JACQUARD WEAVE
Jacquard is a style of "figure
weaving." It can be used to create elaborate designs and detailed images
of objects such as flowers and birds. This is done on a Jacquard loom, a device
invented in Lyons, France by Joseph-Marie Charles Jacquard in the early 1800s.
Before that time, figure weaves could only be made by more labor-intensive
techniques such as tapestry, adding extra yarns to the surface of another
weaving by hand (supplementary weft), using different sizes of yarns to make
parts of the pattern stand out (dobby weaving), or by using a draw loom.

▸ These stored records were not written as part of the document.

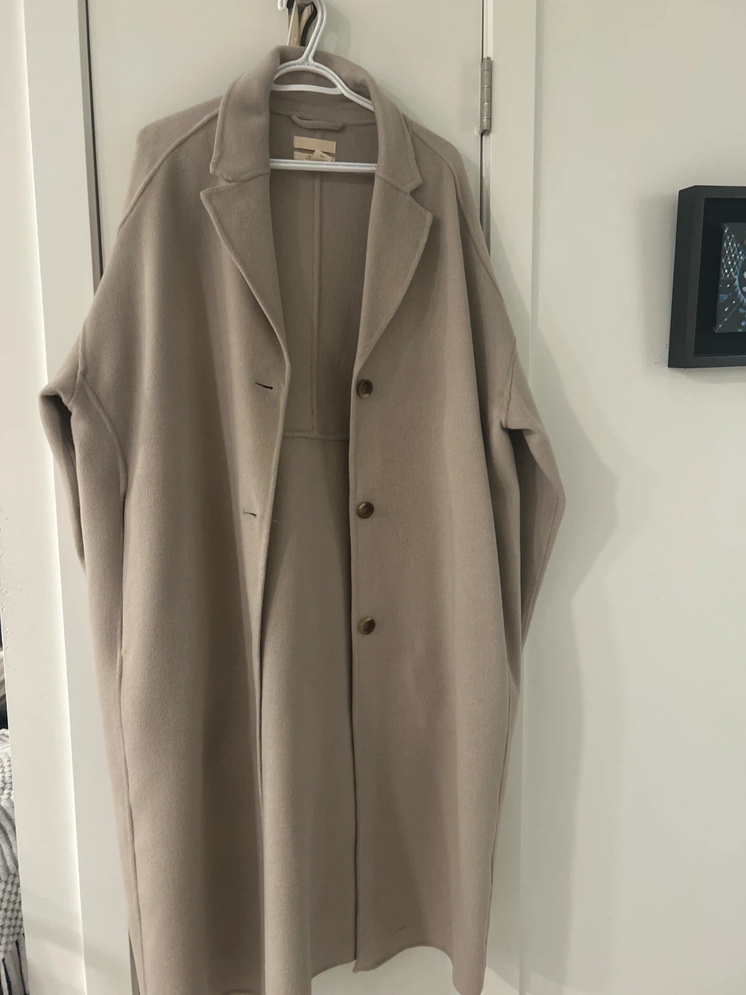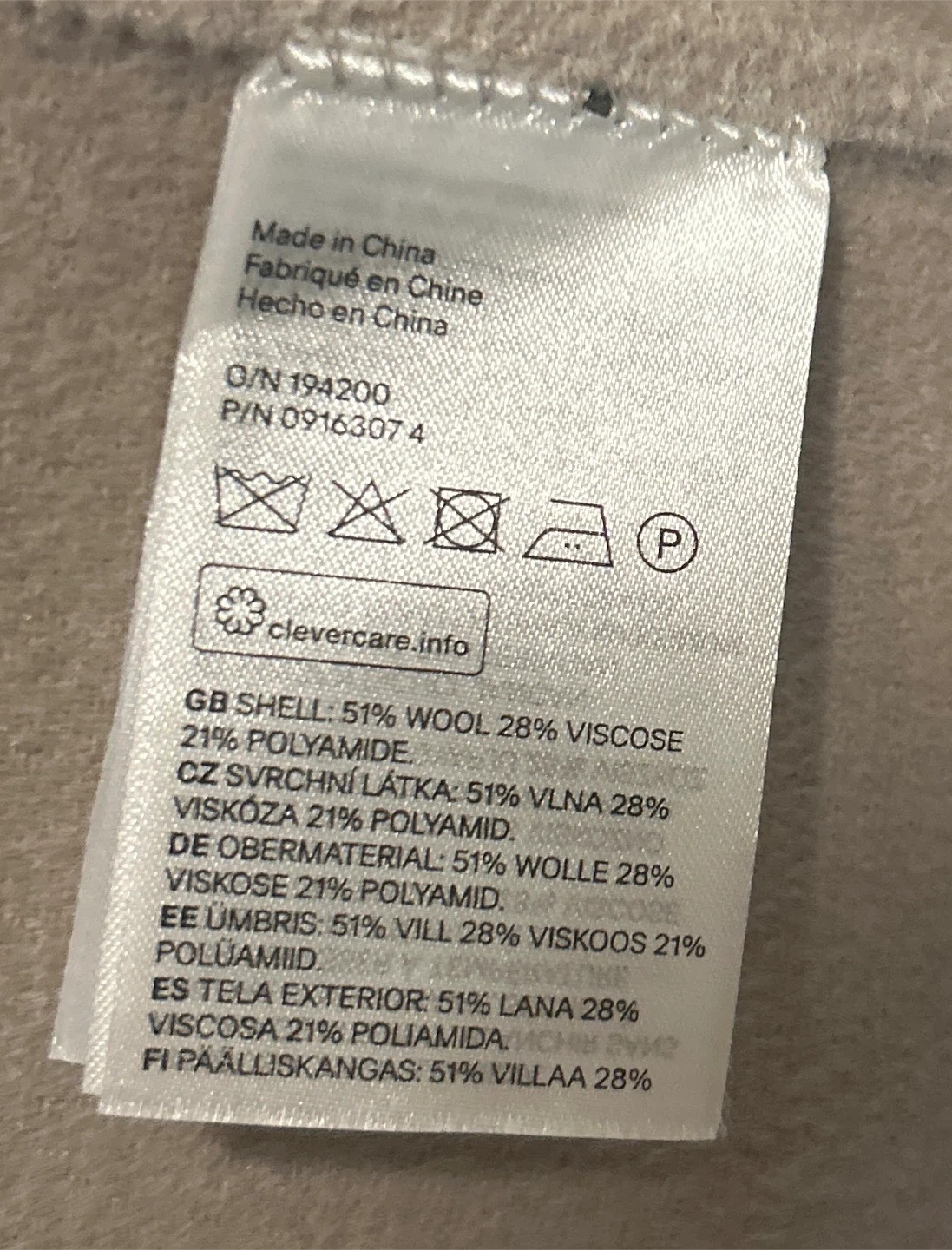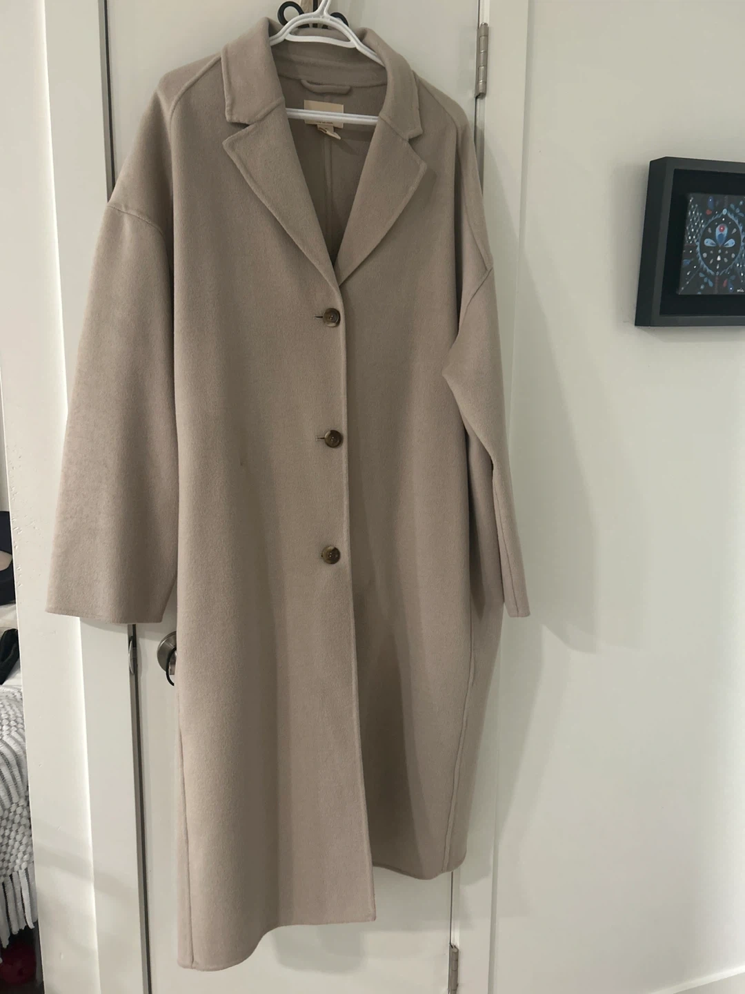 It run a bit large. Worn just once due to WFH. Selling a lovely H&M wool blend coat in a neutral beige colour. The material is a blend of 51% wool, 28% viscose, and 21% polyamide. Perfect for layering during the cooler months!
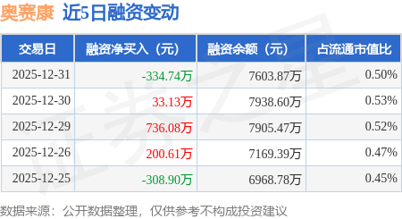 证券之星消息,12月31日,奥赛康(002755)融资买入276.58万元,融资偿还611.32万元,融资净卖出334.74万元,融资余额7603.87万元。
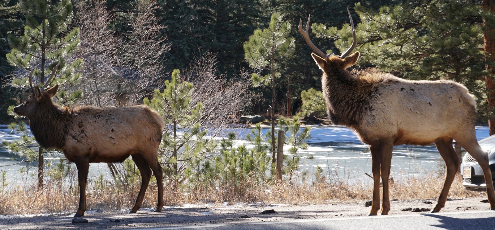 Driving into town, Charlotte saw two elk.
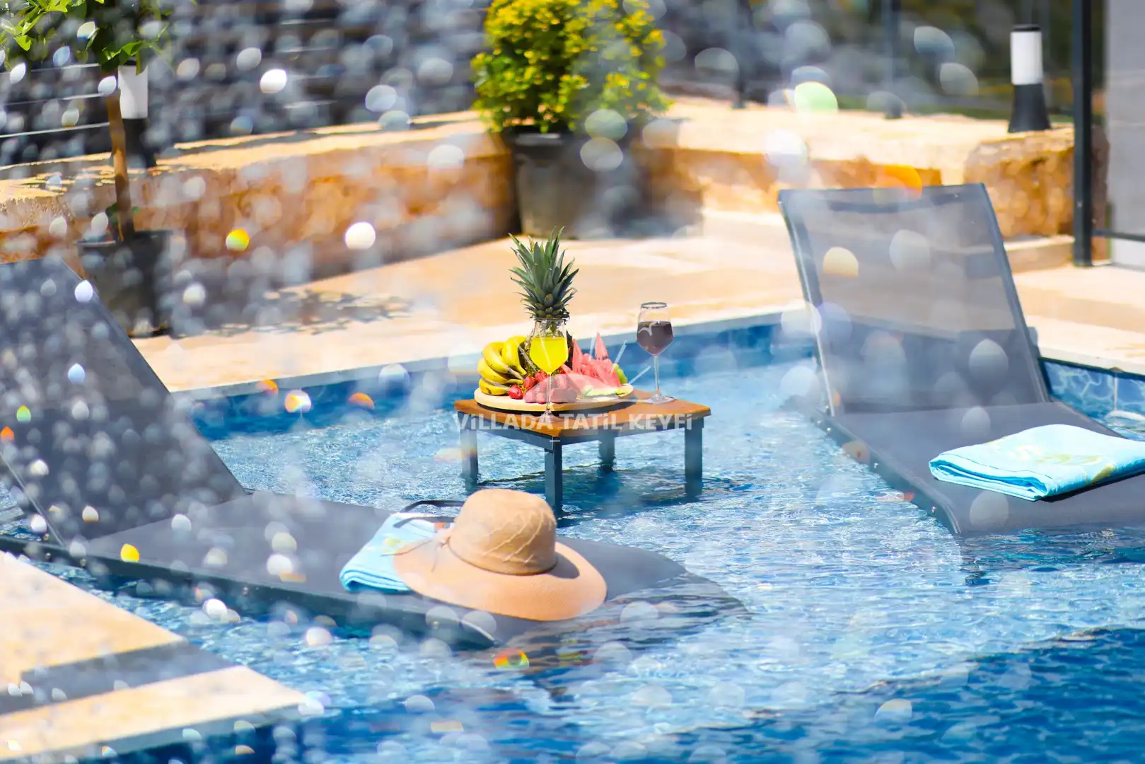 3 yatak odası ve 6 kişilik konaklama kapasitesine sahip olan Villa Belmora’da, size özel yüzme havuzu ve havuza entegre sığ havuz alanı bulunmaktadır. Doğa manzarası eşliğinde keyifli anlar yaşayabilir, jakuzili odada günün yorgunluğunu atabilirsiniz.
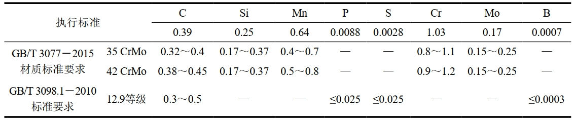 化學(xué)成分分析。依據GB/T 3098.1―2010產(chǎn)品標準對3件失效螺栓桿體進(jìn)行取樣化學(xué)成分分析,試驗標準為GB/T 4336―2016《碳素鋼和中低合金鋼 多元素含量的測定 火花放電原子發(fā)射光譜法(常規法)》,分析設備為ARL4460直讀光譜儀。參照GB/T 3077―2015《合金結構鋼》標準要求,該批螺栓桿體應為合金結構鋼,材質(zhì)介于35 CrMo和42 CrMo之間,為40 CrMo。螺栓化學(xué)成分分析結果符合GB/T 3098.1—2010標準中10.9和12.9緊固件性能等級要求(表 1)。
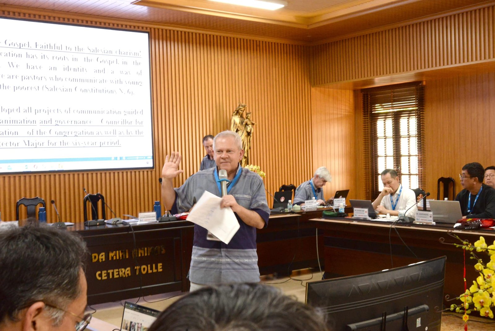 Ngài thông tri cho hội nghị được biết về việc Ban truyền thông đã triển khai tất cả các dự án được đưa ra cũng như các Ưu tiên của Bề Trên Cả trong thời gian sáu năm.
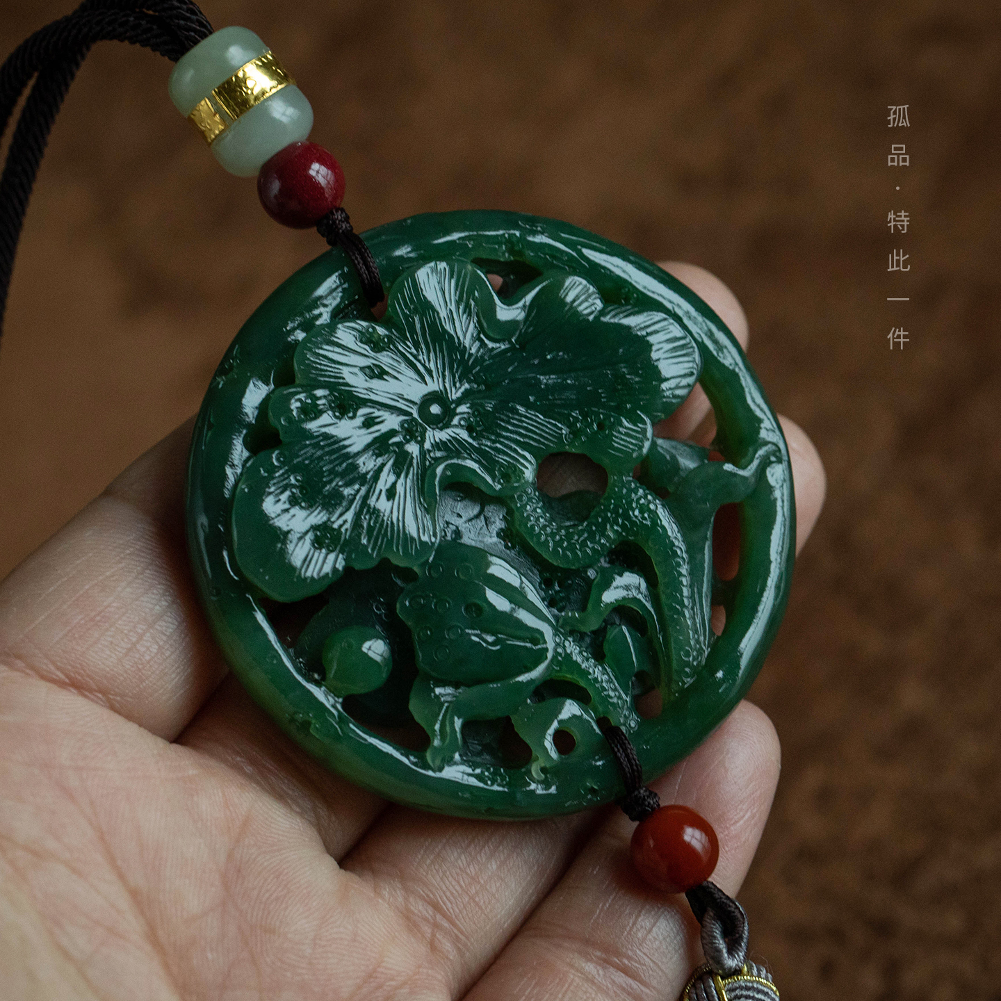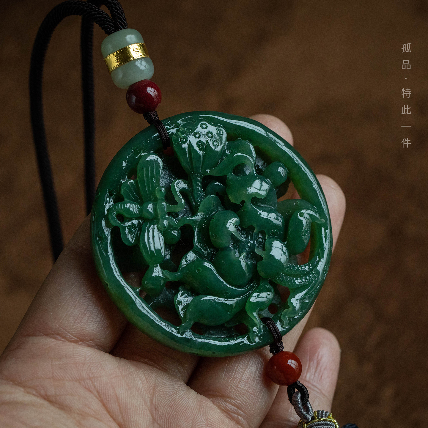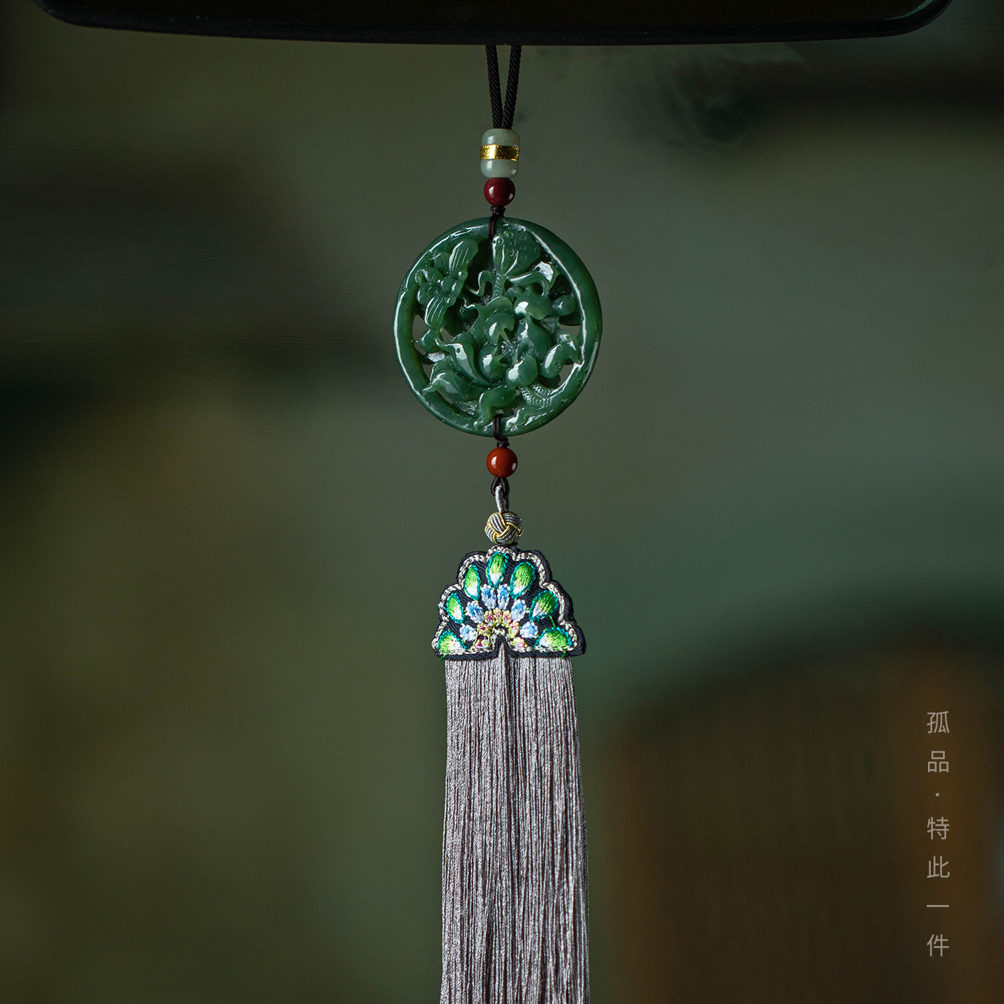 天然和田玉石汽车挂件刺绣流苏车内挂饰高级玉牌一物一证 孤品

Jacquard loom punched card
Draw looms were invented more than two
thousand years ago in China and are operated by two people. The weaver sits at
the front of the loom, adds the filling yarns, and beats them in place. An
assistant sits at the side of the loom and lifts combinations of dozens (or
even hundreds) of harnesses. These are frames with "heddles" that
hold one or more yarns in place. Joseph-Marie Jacquard modified the draw loom
by replacing harnesses with individual heddles attached to small weights. He
also used a series of metal punch cards that could tell the loom the order and
number of heddles to lift, replacing the need for a human assistant. Until the
invention of computers, Jacquard looms were the most complicated pieces of
machinery in the world. In fact, the punch cards used by early computers were
based on the Jacquard system. In a reversal of fortune, Jacquard looms now use
computers instead of cards to keep track of the pattern.
APPEARANCE AND USE
Jacquard fabrics have a distinct front and backside. The
front shows the design in crisp detail, but the back is covered with long
"floats." These floats are yarns that were carried on the back of the
fabric whenever they were not needed to form the design. Because the floats are
easily snagged, the back of a jacquard fabric must be lined or hidden. An easy
place to see floats is on the back of a clothing label-labels that are not
printed are generally jacquard weavings.
As the design becomes more complex and the number of
colors increases, more and more yarns have to be carried on the backside. This
can make the cloth very heavy. For this reason, many jacquard fabrics are
restricted for use in home furnishings. Brocade, made from silk or a synthetic
material such as polyester, is one of the few figure weaves light enough for
clothing. Although the mechanization of jacquard weaving has made it much less
expensive to produce, brocade is still worn primarily for special occasions.
Other figure weaves used in clothing, such as piqué and waffle weave, have a
small textured pattern created by using a series of different yarn sizes. These
patterns are less complicated than brocade and do not necessarily require a Jacquard
loom.
MODERN TAPESTRY
Damask is a one-color, relatively lightweight cotton or
linen jacquard fabric (originally produced on a draw loom) that is used for
elegant curtains and tablecloths. Small floats on the surface are ironed or
pounded flat (in a process called beetling) to make the cloth very smooth and
lustrous. Heavier jacquard fabrics are used for upholstery and accessories such
as shoes and handbags. Although these are sometimes called
"tapestry," real tapestries are extremely expensive and are made by a
very different process.
QUALITIES
Fabrics with
a jacquard weave are generally stronger and more resilient than those with
basic weaves. They are also usually lustrous (depending on the fibre type) with
intricate patterns and designs.
FABRICS WOVEN IN JACQUARD WEAVE
Brocade,
brocatelle, damask, jacquard taffeta, lampas, pashmina.